**ENTRIES SHOWN**.
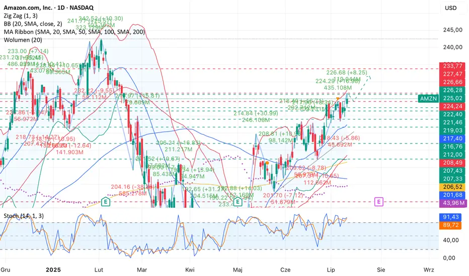 Amazon wreszcie wyłamał się z konsolidacji, cena 225 USD testuje kluczową strefę oporu (224–227 USD). Wybicie powyżej tego poziomu może otworzyć drogę w kierunku 233 USD (kolejny techniczny opór z marca)! Cena znajduje się powyżej MA20, MA50, MA100 i MA200 – klasyczny układ byczy ale Stochastic może sygnalizować potencjalną małą korektę.
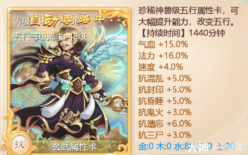 负敏鬼可以选择玄武卡片,可以增加气血与抗控制,五行修炼先水后土,收益较高。
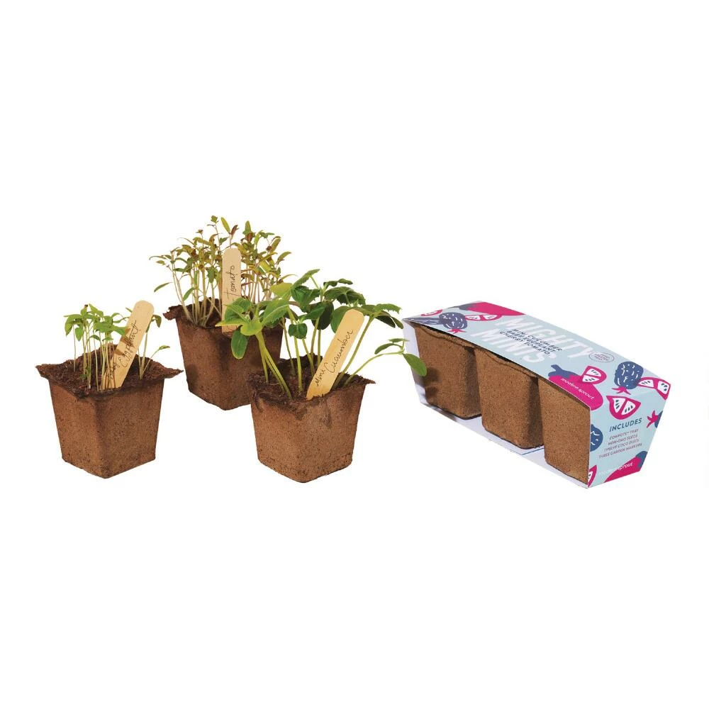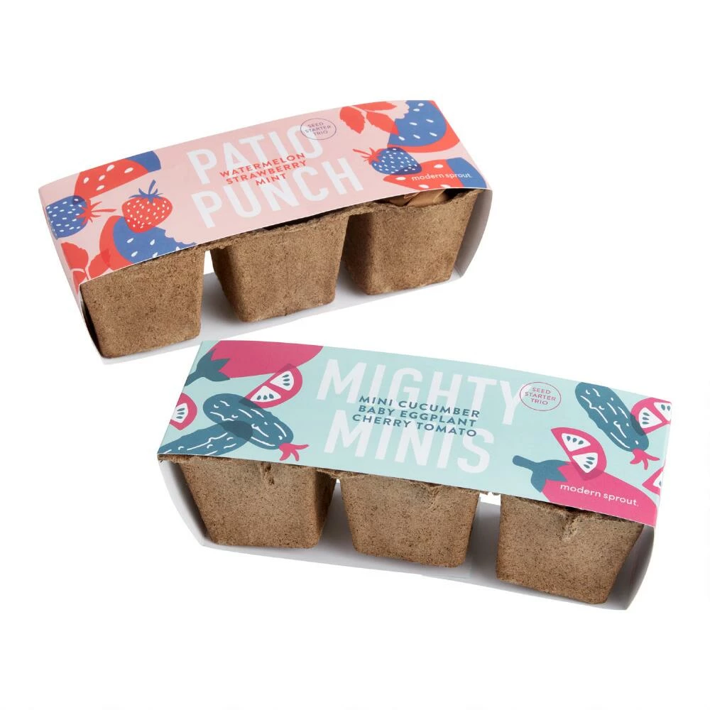 This complete seed starter kit makes it easy to grow a mini garden trio of non-GMO fruits, vegetables or herbs. Mighty Mini includes cucumber, eggplant and cherry tomato seeds, and Patio Punch includes watermelon, strawberry and mint seeds. Grow them in the CowPot and once a few sets of leaves appear you can transplant them into your garden or an outdoor planter. In a few weeks your chosen trio will be ready to harvest for salads or cocktails.
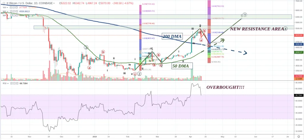 I have had to modify a little bit my EW-count with the last BITCOIN movements which is currently correcting strongly after having reached another new High of the year.A totally expected movement after the explosive rise of the last days to be honest.The following chart was the former one on which I was working on:
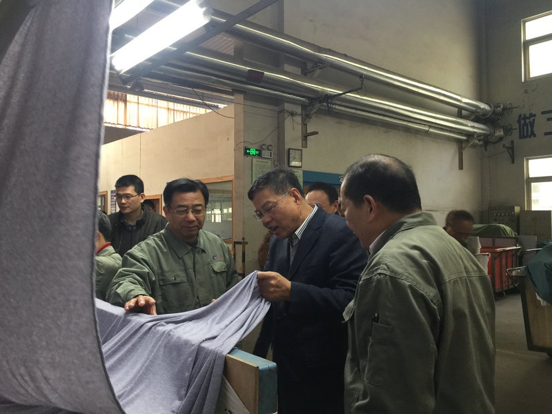 徐紀平副秘書長等領導到染部車間現(xiàn)場,實地察看了公司生產(chǎn)現(xiàn)場,向公司領導了解了公司今年經(jīng)營情況和轉(zhuǎn)型升級工作。莫總向調(diào)研組領導介紹了公司基本情況和近年來公司推進轉(zhuǎn)型升級工作,特別是今年實施的淘汰落后產(chǎn)能實施智能化生產(chǎn)技改項目。調(diào)研組領導在車間里仔細察看了公司引進的意大利貝利尼公司生產(chǎn)的超低浴比溢流多功能生態(tài)勻染染色機,以及中央控制室,染料助劑自動化輸送系統(tǒng),對公司實施智能化生產(chǎn)技改的轉(zhuǎn)型升級舉措給予高度肯定,鼓勵公司領導進一步通過轉(zhuǎn)型升級,推動企業(yè)向信息化、自動化、智能化方向發(fā)展,實現(xiàn)節(jié)能減排,減員增效,提高企業(yè)競爭力,促進傳統(tǒng)企業(yè)的新發(fā)展。
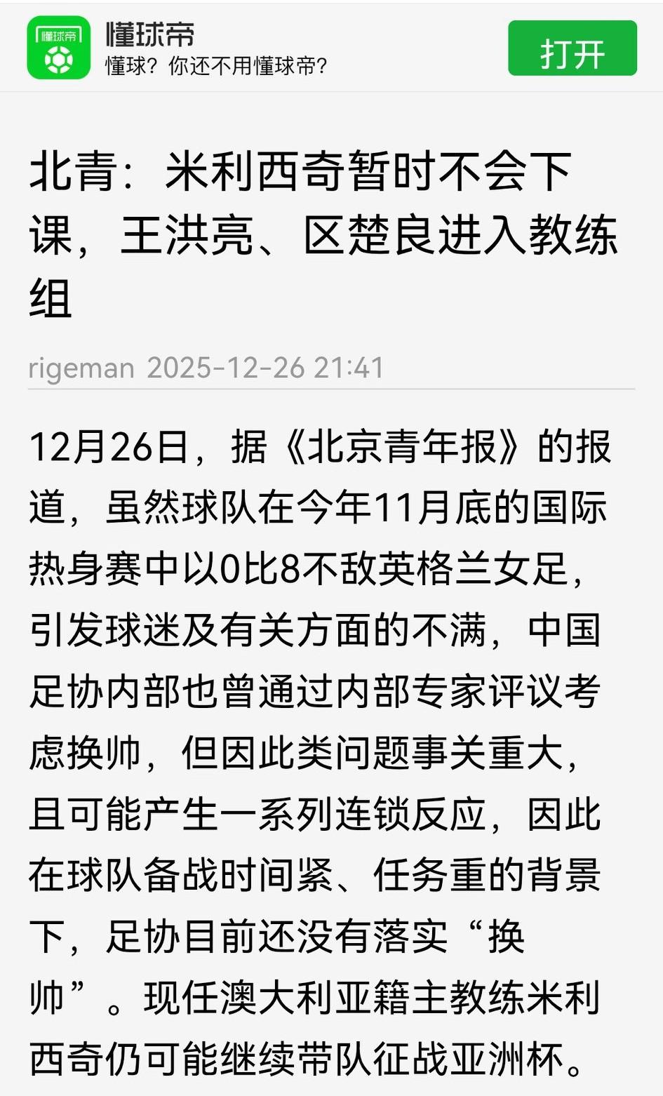呵呵,常卫巍等了两周也没等到去女国足上课的通知。现在《北京青年报》又说足协不让米利西奇下课,只让王洪亮和区楚良驰援女足,老常和武汉江大女足是被耍了么? 半个月前,就是这家媒体打头,众多媒体一齐爆料:足坛上下内外都对米利西奇不服,武汉女足主卫巍力压陈婉婷,成为接手国家女足帅印的唯一人物。 老常当时正带武汉队在摩洛哥征战世俱杯,其心理波澜可想而知,武汉女足果然在第二天的比赛1:2告负,就此在世俱杯止步。虽然没必要就输球甩锅,但没面的老常内心真有难言之苦。

**EXERCISE GOAL**. Write out exactly, please, the lines that start at the one containing "I have had to" and run through the final line of the entries, both included, leaving pictures out.

**SOLUTION TO THIS EXERCISE**.
 I have had to modify a little bit my EW-count with the last BITCOIN movements which is currently correcting strongly after having reached another new High of the year.A totally expected movement after the explosive rise of the last days to be honest.The following chart was the former one on which I was working on:
 徐紀平副秘書長等領導到染部車間現(xiàn)場,實地察看了公司生產(chǎn)現(xiàn)場,向公司領導了解了公司今年經(jīng)營情況和轉(zhuǎn)型升級工作。莫總向調(diào)研組領導介紹了公司基本情況和近年來公司推進轉(zhuǎn)型升級工作,特別是今年實施的淘汰落后產(chǎn)能實施智能化生產(chǎn)技改項目。調(diào)研組領導在車間里仔細察看了公司引進的意大利貝利尼公司生產(chǎn)的超低浴比溢流多功能生態(tài)勻染染色機,以及中央控制室,染料助劑自動化輸送系統(tǒng),對公司實施智能化生產(chǎn)技改的轉(zhuǎn)型升級舉措給予高度肯定,鼓勵公司領導進一步通過轉(zhuǎn)型升級,推動企業(yè)向信息化、自動化、智能化方向發(fā)展,實現(xiàn)節(jié)能減排,減員增效,提高企業(yè)競爭力,促進傳統(tǒng)企業(yè)的新發(fā)展。
呵呵,常卫巍等了两周也没等到去女国足上课的通知。现在《北京青年报》又说足协不让米利西奇下课,只让王洪亮和区楚良驰援女足,老常和武汉江大女足是被耍了么? 半个月前,就是这家媒体打头,众多媒体一齐爆料:足坛上下内外都对米利西奇不服,武汉女足主卫巍力压陈婉婷,成为接手国家女足帅印的唯一人物。 老常当时正带武汉队在摩洛哥征战世俱杯,其心理波澜可想而知,武汉女足果然在第二天的比赛1:2告负,就此在世俱杯止步。虽然没必要就输球甩锅,但没面的老常内心真有难言之苦。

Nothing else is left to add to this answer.